# About this task
Only the text belongs in the copy. Transcribe the data exactly and drop any pictures.

# Data
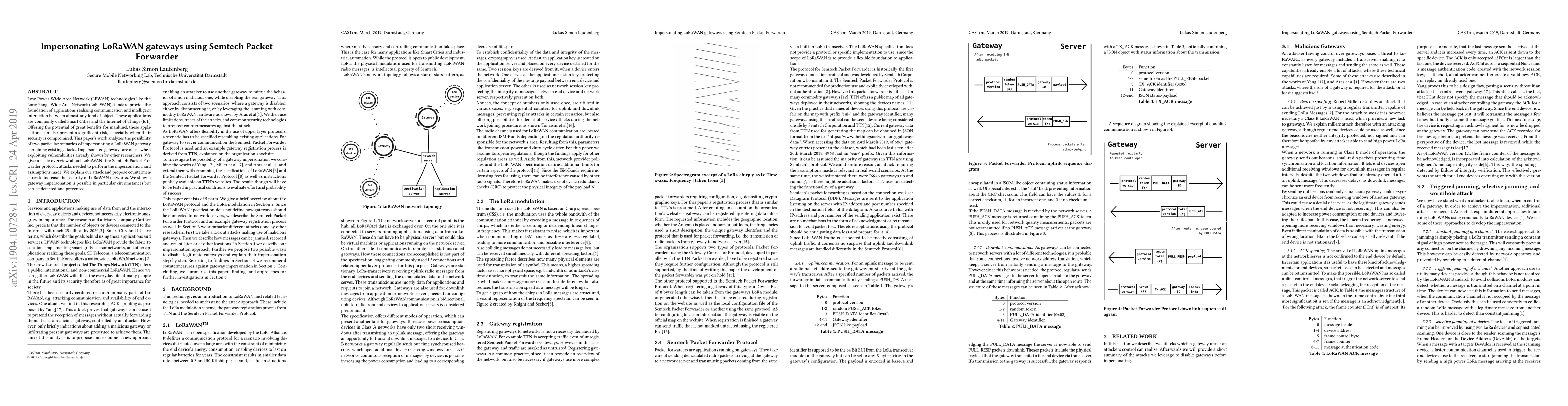 This paper investigates the feasibility of impersonating LoRaWAN gateways using the Semtech Packet Forwarder protocol, detailing potential attack scenarios and proposing countermeasures to enhance LoRaWAN security. While gateway impersonation can occur under specific conditions, the paper demonstrates that detection and prevention strategies can mitigate these risks.
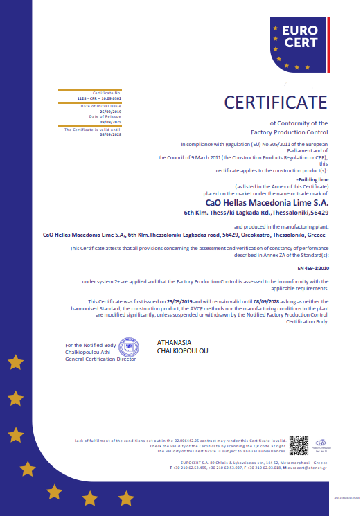 Πιστοποίηση ποιότητας δομικής ασβέστου CE (EN)
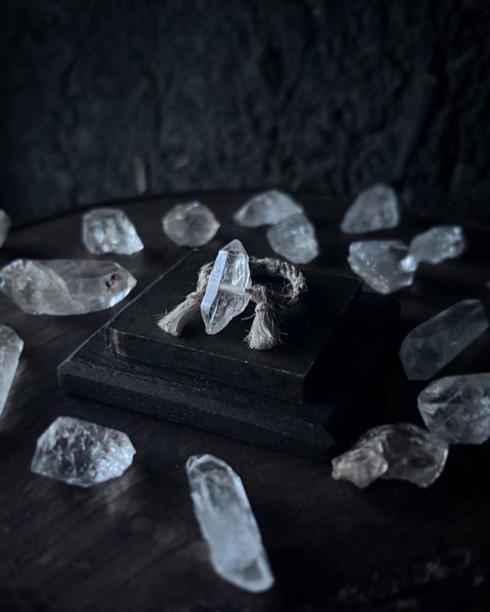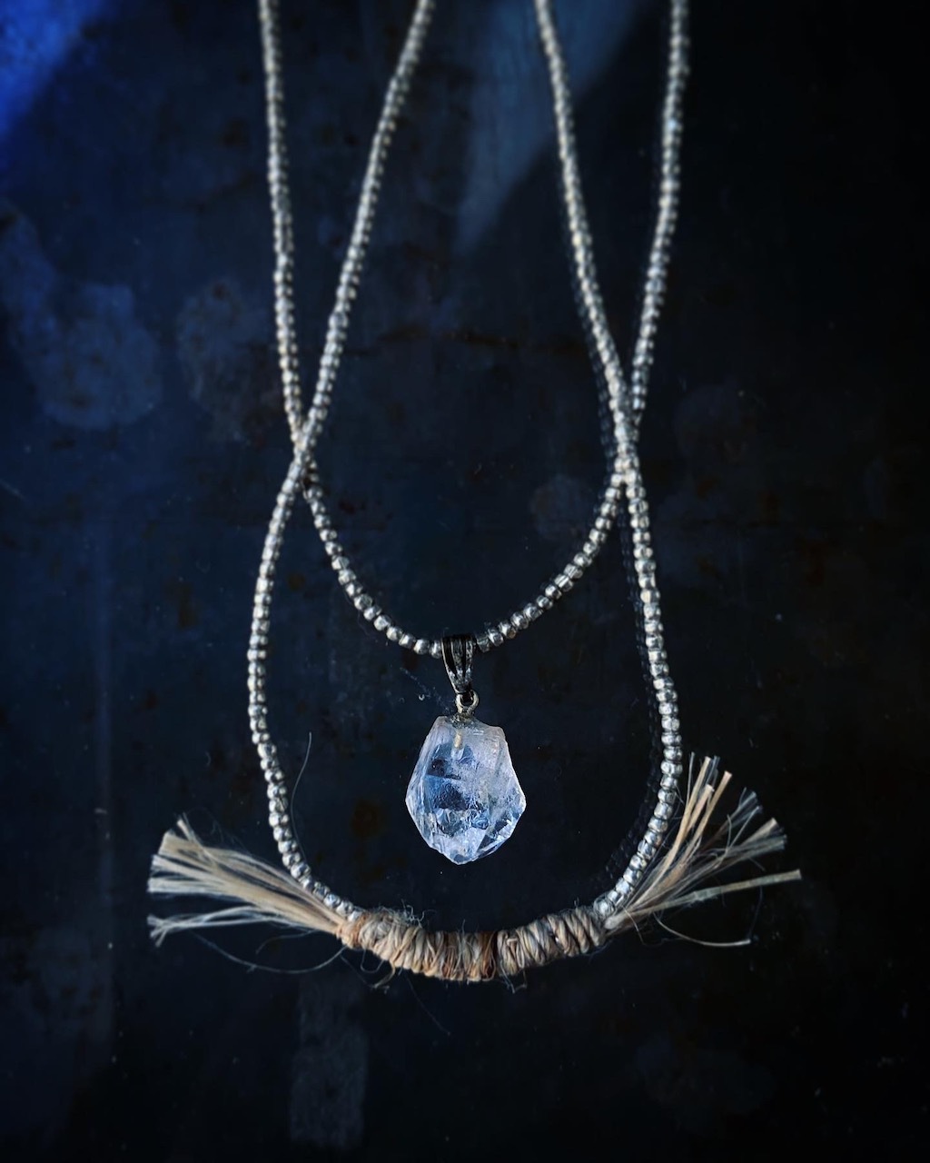 夫婦で日本の山々に分け入り自然を壊す事なく水晶などの鉱石を採集。カットを一切せずに自然の生み出した有りのままの形を生かし、己を着飾るアクセサリーではなく、古代のなんでもない民が拾い上げた美しい石を家族や愛おしいひとのためにこしらえたお護りのような装身具や生活具へと昇華させる。
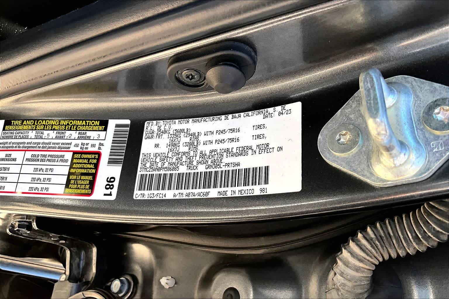 - VIN : 3TMCZ5AN0PM586085
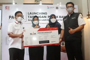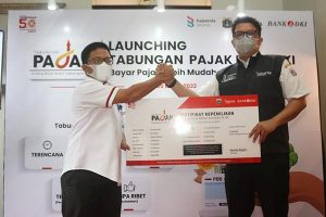 Direktur Ritel dan Syariah, Babay Parid Wazdi (kiri) secara simbolis memberikan Sertifikat Kepemilikan Tabungan Pajak kepada Wakil Kepala Badan Pendapatan Daerah Provinsi DKI Jakarta, Elvarinsa pada acara Launching Tabungan Pajak Bank DKI di Jakarta, Rabu, 30 Maret 2022. Melalui Tabungan Pajak, Wajib Pajak dapat menabung secara disiplin dan terjadwal untuk pembayaran pajak. Wajib Pajak yang membuka rekening Tabungan Pajak juga dapat lebih fleksibel menentukan tanggal autodebet, serta dapat melakukan pembayaran pajak dengan mengangsur secara bulanan. Wajib Pajak juga dapat menggunakan fasilitas autodebet pembayaran Pajak Bumi & Bangunan.
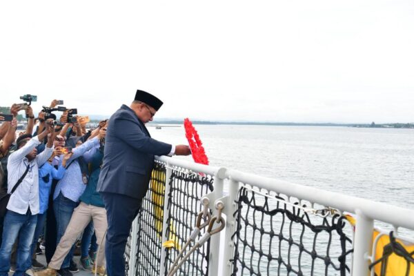 SORONG (KPN) || Sambut HUT Ke-78 Republik Indonesia, Komandan Pasmar 3 Brigjen TNI (Mar) Sugianto, S.Sos., bersama Ketua Korcab Pasmar 3 Ny. Rita Sugianto mengikuti kegiatan tabur bunga di atas geladak heli KRI Wahidin Sudirohusodo-991 yang sandar di dermaga Lantamal XIV Sorong, Jl. Bubara, No. 1, Kelurahan klaligi Distrik Sorong manoi, Kota Sorong, Provinsi Papua Barat Daya. Rabu (16/08/2023).
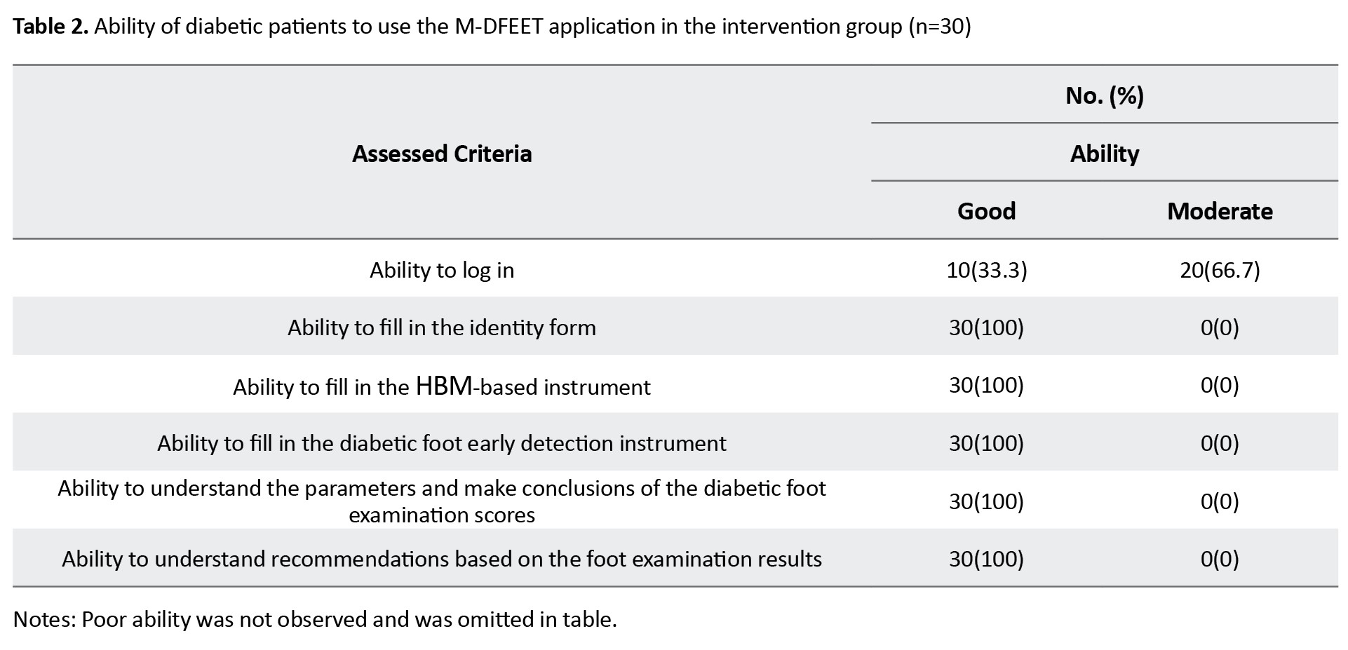The results showed that one third of participants in the intervention group had a good ability to log into the M-DFEET application, while the rest had a moderate ability to log in.

# Solution to this problem
 This paper investigates the feasibility of impersonating LoRaWAN gateways using the Semtech Packet Forwarder protocol, detailing potential attack scenarios and proposing countermeasures to enhance LoRaWAN security. While gateway impersonation can occur under specific conditions, the paper demonstrates that detection and prevention strategies can mitigate these risks.
 Πιστοποίηση ποιότητας δομικής ασβέστου CE (EN)
 夫婦で日本の山々に分け入り自然を壊す事なく水晶などの鉱石を採集。カットを一切せずに自然の生み出した有りのままの形を生かし、己を着飾るアクセサリーではなく、古代のなんでもない民が拾い上げた美しい石を家族や愛おしいひとのためにこしらえたお護りのような装身具や生活具へと昇華させる。
 - VIN : 3TMCZ5AN0PM586085
 Direktur Ritel dan Syariah, Babay Parid Wazdi (kiri) secara simbolis memberikan Sertifikat Kepemilikan Tabungan Pajak kepada Wakil Kepala Badan Pendapatan Daerah Provinsi DKI Jakarta, Elvarinsa pada acara Launching Tabungan Pajak Bank DKI di Jakarta, Rabu, 30 Maret 2022. Melalui Tabungan Pajak, Wajib Pajak dapat menabung secara disiplin dan terjadwal untuk pembayaran pajak. Wajib Pajak yang membuka rekening Tabungan Pajak juga dapat lebih fleksibel menentukan tanggal autodebet, serta dapat melakukan pembayaran pajak dengan mengangsur secara bulanan. Wajib Pajak juga dapat menggunakan fasilitas autodebet pembayaran Pajak Bumi & Bangunan.
 SORONG (KPN) || Sambut HUT Ke-78 Republik Indonesia, Komandan Pasmar 3 Brigjen TNI (Mar) Sugianto, S.Sos., bersama Ketua Korcab Pasmar 3 Ny. Rita Sugianto mengikuti kegiatan tabur bunga di atas geladak heli KRI Wahidin Sudirohusodo-991 yang sandar di dermaga Lantamal XIV Sorong, Jl. Bubara, No. 1, Kelurahan klaligi Distrik Sorong manoi, Kota Sorong, Provinsi Papua Barat Daya. Rabu (16/08/2023).
The results showed that one third of participants in the intervention group had a good ability to log into the M-DFEET application, while the rest had a moderate ability to log in.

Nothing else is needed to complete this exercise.